From the line containing "- Spring-loaded flip" down to the line containing "Nowa wersja realistycznego" in the records below, reproduce every line exactly, ends included, and omit all others.

Data extract>
/---

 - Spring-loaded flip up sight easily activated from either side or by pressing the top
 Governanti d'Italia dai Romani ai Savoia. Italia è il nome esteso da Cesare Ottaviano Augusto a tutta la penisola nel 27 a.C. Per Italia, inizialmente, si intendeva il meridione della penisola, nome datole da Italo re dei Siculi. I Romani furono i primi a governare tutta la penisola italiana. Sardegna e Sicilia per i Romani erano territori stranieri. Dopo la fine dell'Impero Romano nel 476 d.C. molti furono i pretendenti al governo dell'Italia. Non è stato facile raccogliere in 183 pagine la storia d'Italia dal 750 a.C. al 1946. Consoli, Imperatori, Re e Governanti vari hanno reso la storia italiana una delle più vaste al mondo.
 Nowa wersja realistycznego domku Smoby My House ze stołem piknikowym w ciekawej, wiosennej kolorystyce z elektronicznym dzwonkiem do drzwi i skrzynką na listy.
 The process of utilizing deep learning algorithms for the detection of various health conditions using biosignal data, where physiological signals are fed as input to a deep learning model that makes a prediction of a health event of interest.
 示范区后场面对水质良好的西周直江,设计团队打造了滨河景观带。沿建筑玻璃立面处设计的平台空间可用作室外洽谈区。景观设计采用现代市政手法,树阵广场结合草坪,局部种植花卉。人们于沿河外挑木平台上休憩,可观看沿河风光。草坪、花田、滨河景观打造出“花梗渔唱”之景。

\---
/---

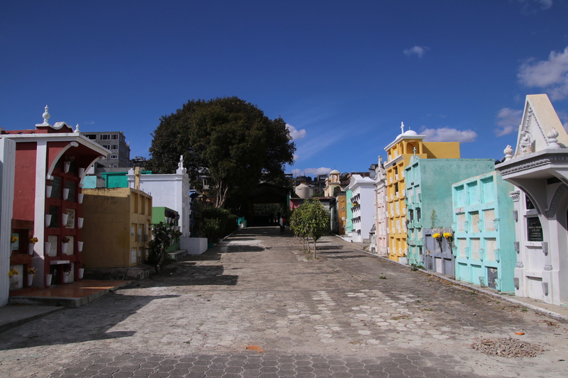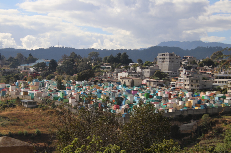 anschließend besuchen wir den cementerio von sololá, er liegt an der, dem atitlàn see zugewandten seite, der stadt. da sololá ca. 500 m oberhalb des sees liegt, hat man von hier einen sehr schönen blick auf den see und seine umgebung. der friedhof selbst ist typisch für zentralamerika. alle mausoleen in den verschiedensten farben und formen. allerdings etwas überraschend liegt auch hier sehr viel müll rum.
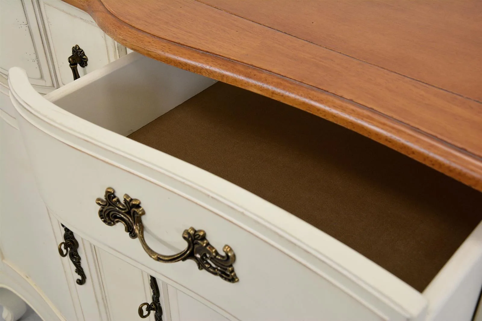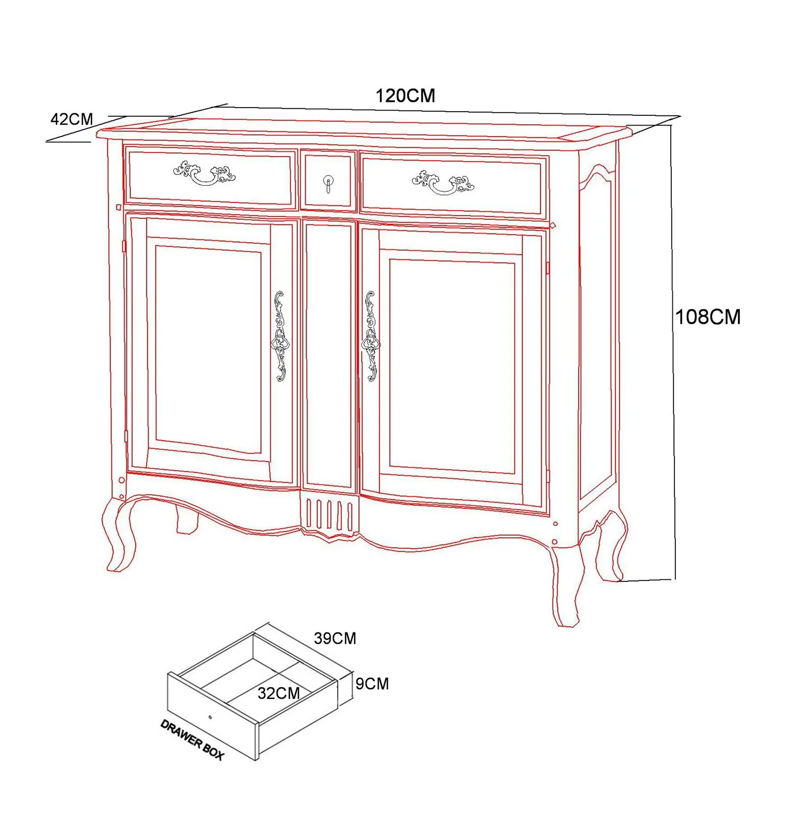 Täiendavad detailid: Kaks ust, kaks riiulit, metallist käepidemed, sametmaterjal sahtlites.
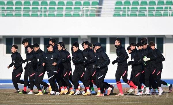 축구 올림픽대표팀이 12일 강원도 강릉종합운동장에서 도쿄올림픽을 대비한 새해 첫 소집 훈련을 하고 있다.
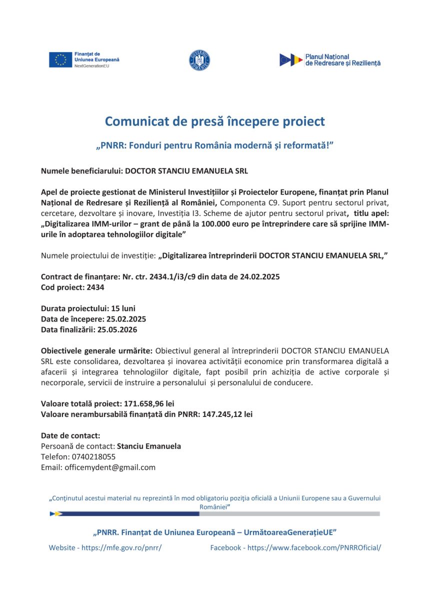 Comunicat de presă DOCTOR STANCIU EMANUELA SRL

\---
/---

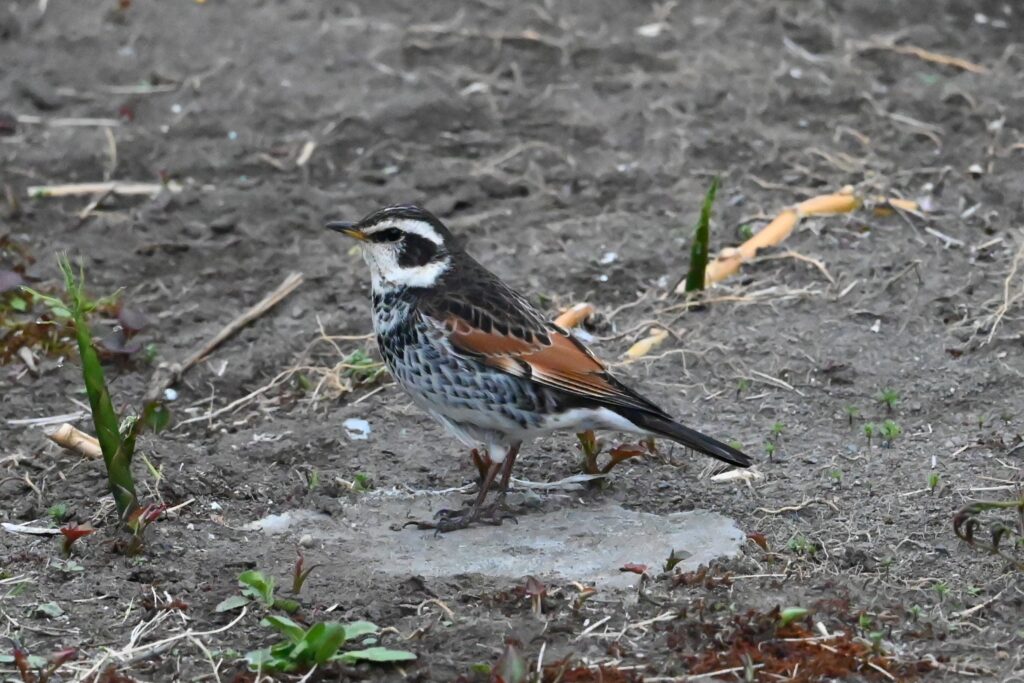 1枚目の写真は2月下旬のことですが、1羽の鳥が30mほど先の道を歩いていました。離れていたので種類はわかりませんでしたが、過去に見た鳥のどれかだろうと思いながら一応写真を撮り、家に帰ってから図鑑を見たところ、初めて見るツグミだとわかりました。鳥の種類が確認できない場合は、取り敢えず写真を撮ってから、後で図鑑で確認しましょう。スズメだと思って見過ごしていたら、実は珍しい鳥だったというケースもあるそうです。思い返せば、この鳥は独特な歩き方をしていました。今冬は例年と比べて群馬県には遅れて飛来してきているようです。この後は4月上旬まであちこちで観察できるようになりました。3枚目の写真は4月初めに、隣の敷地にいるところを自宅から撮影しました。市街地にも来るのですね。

\---

Answer to the problem>
 - Spring-loaded flip up sight easily activated from either side or by pressing the top
 Governanti d'Italia dai Romani ai Savoia. Italia è il nome esteso da Cesare Ottaviano Augusto a tutta la penisola nel 27 a.C. Per Italia, inizialmente, si intendeva il meridione della penisola, nome datole da Italo re dei Siculi. I Romani furono i primi a governare tutta la penisola italiana. Sardegna e Sicilia per i Romani erano territori stranieri. Dopo la fine dell'Impero Romano nel 476 d.C. molti furono i pretendenti al governo dell'Italia. Non è stato facile raccogliere in 183 pagine la storia d'Italia dal 750 a.C. al 1946. Consoli, Imperatori, Re e Governanti vari hanno reso la storia italiana una delle più vaste al mondo.
 Nowa wersja realistycznego domku Smoby My House ze stołem piknikowym w ciekawej, wiosennej kolorystyce z elektronicznym dzwonkiem do drzwi i skrzynką na listy.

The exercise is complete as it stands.